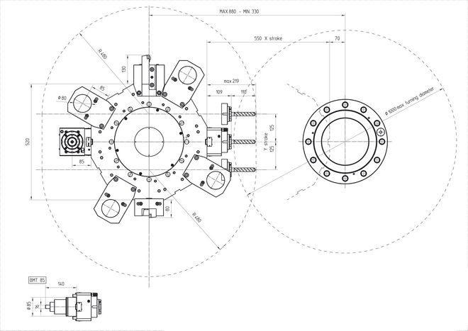 | Verfahrweg in X/Y/Z | 550 / +/- 125 / 2050-4050-6050 mm |
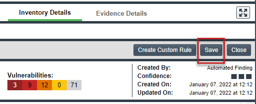 If you are in the Analysis Workbench, click the Save button at the top of the Inventory Details tab. (Alternatively, click Close to shut down the tab for the current inventory item. You are prompted to save the inventory changes before the tab closes.)
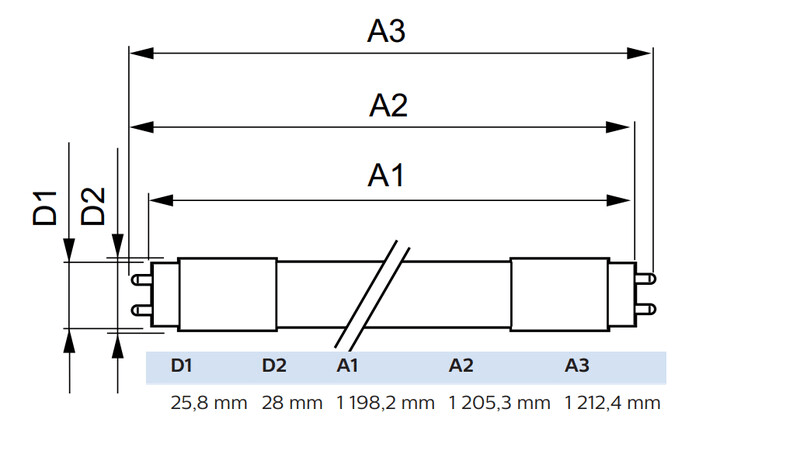 - Lampun pituus: 1200 mm
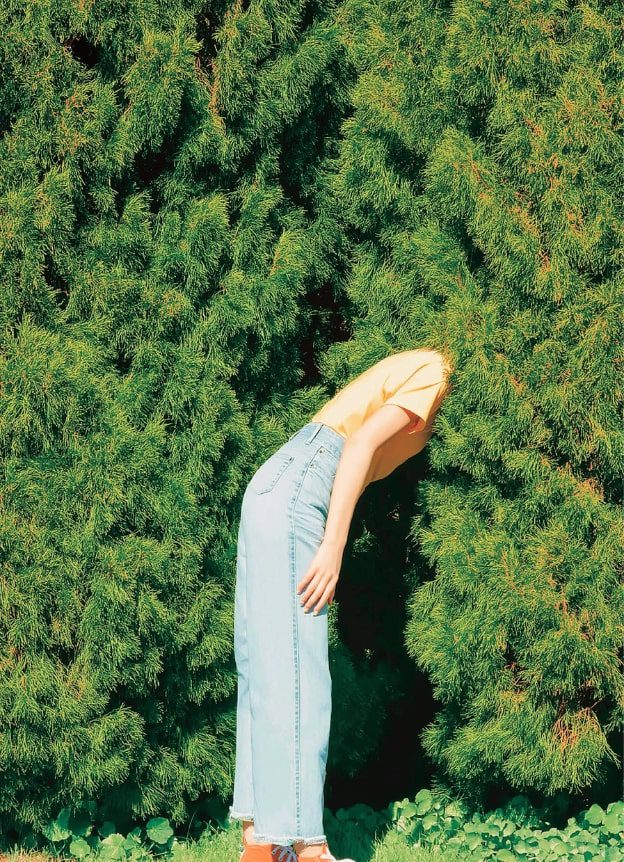 Tilt your face so half rests in light, half in shadow. Keep hands partially raised, fingertips grazing leaves or air. The half-lit tone offers layered meaning: a person caught between belonging and detachment.
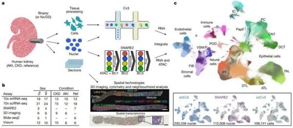 研究人员指出,过去急性肾损伤和慢性肾病常被认为是单一的疾病,通过这份肾脏细胞图谱,能够更好地识别不同根源的疾病亚群,为将来的个体化疗法提供基础。

——

Your answer must be an exact copy of the listing, minus its pictures.

Expected output:
 | Verfahrweg in X/Y/Z | 550 / +/- 125 / 2050-4050-6050 mm |
 If you are in the Analysis Workbench, click the Save button at the top of the Inventory Details tab. (Alternatively, click Close to shut down the tab for the current inventory item. You are prompted to save the inventory changes before the tab closes.)
 - Lampun pituus: 1200 mm
 Tilt your face so half rests in light, half in shadow. Keep hands partially raised, fingertips grazing leaves or air. The half-lit tone offers layered meaning: a person caught between belonging and detachment.
 研究人员指出,过去急性肾损伤和慢性肾病常被认为是单一的疾病,通过这份肾脏细胞图谱,能够更好地识别不同根源的疾病亚群,为将来的个体化疗法提供基础。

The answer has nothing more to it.